**Data supplied**

::::

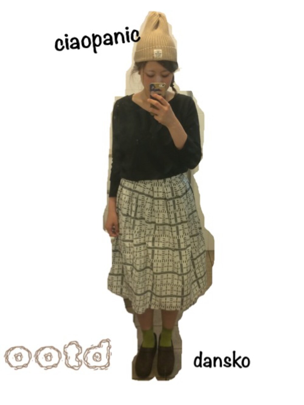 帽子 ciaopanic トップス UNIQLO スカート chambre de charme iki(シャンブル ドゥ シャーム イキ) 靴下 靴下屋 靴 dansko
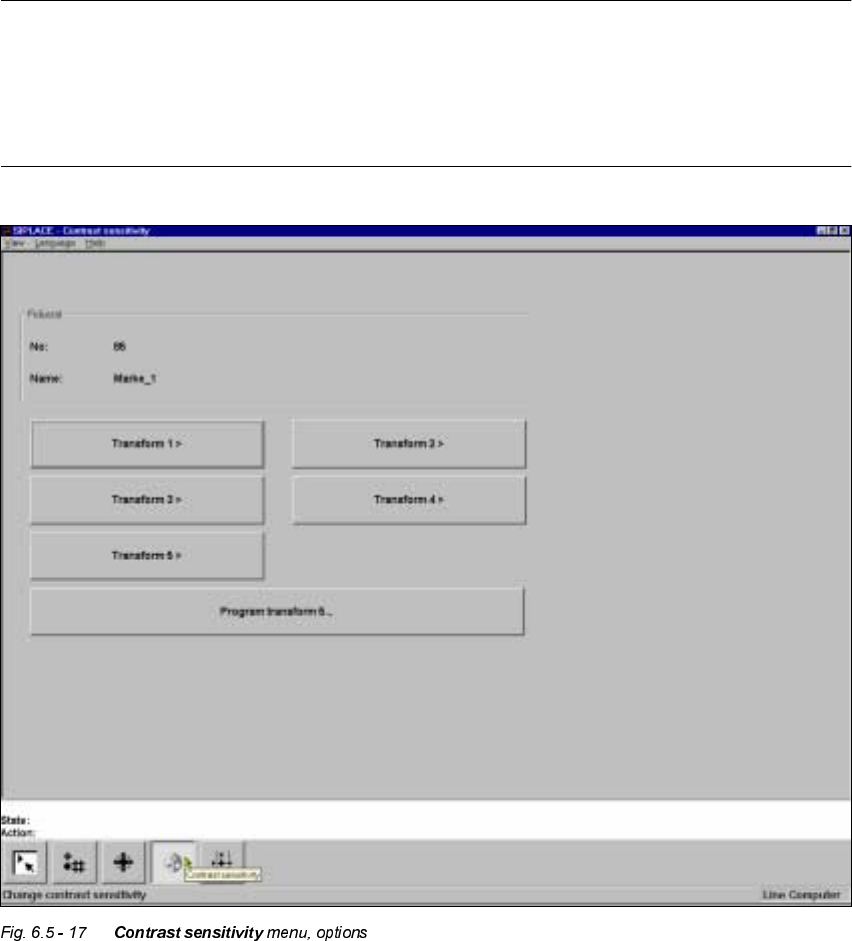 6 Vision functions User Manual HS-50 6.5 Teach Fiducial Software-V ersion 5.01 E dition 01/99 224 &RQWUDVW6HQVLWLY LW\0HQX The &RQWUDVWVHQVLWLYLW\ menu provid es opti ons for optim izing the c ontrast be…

::::

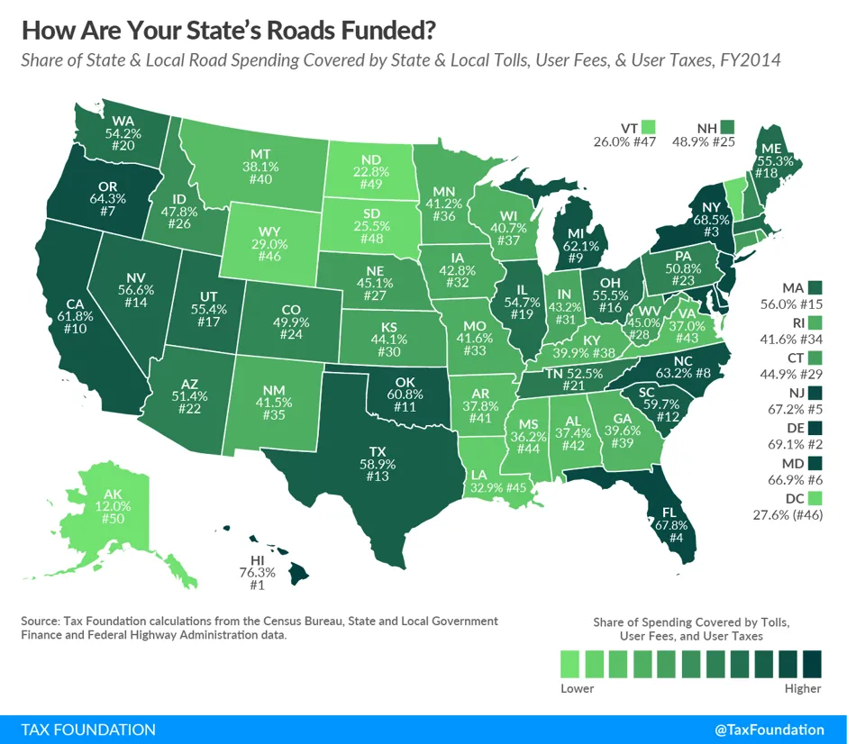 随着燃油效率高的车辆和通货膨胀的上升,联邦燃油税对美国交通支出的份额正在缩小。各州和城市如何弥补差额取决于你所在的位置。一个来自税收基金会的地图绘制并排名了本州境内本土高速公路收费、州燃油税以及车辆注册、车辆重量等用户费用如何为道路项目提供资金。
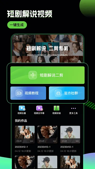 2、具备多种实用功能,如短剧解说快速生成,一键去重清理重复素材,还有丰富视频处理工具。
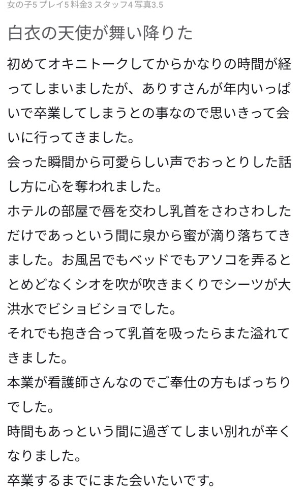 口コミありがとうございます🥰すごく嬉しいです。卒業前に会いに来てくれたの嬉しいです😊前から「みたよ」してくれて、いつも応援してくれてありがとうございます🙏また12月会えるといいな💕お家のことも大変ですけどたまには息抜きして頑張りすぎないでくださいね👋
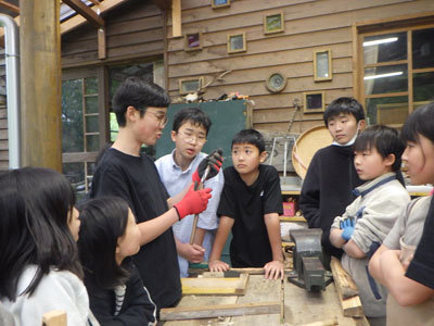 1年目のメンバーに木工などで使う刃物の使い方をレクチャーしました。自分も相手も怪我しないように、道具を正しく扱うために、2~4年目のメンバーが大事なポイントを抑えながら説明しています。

::::

**Your task**
Look above for the line with "帽子 ciaopanic トップス"; quote it and every line after it, stopping after the line with "6 Vision functions", exactly, with nothing added and without pictures.

**Exercise solution**
 帽子 ciaopanic トップス UNIQLO スカート chambre de charme iki(シャンブル ドゥ シャーム イキ) 靴下 靴下屋 靴 dansko
 6 Vision functions User Manual HS-50 6.5 Teach Fiducial Software-V ersion 5.01 E dition 01/99 224 &RQWUDVW6HQVLWLY LW\0HQX The &RQWUDVWVHQVLWLYLW\ menu provid es opti ons for optim izing the c ontrast be…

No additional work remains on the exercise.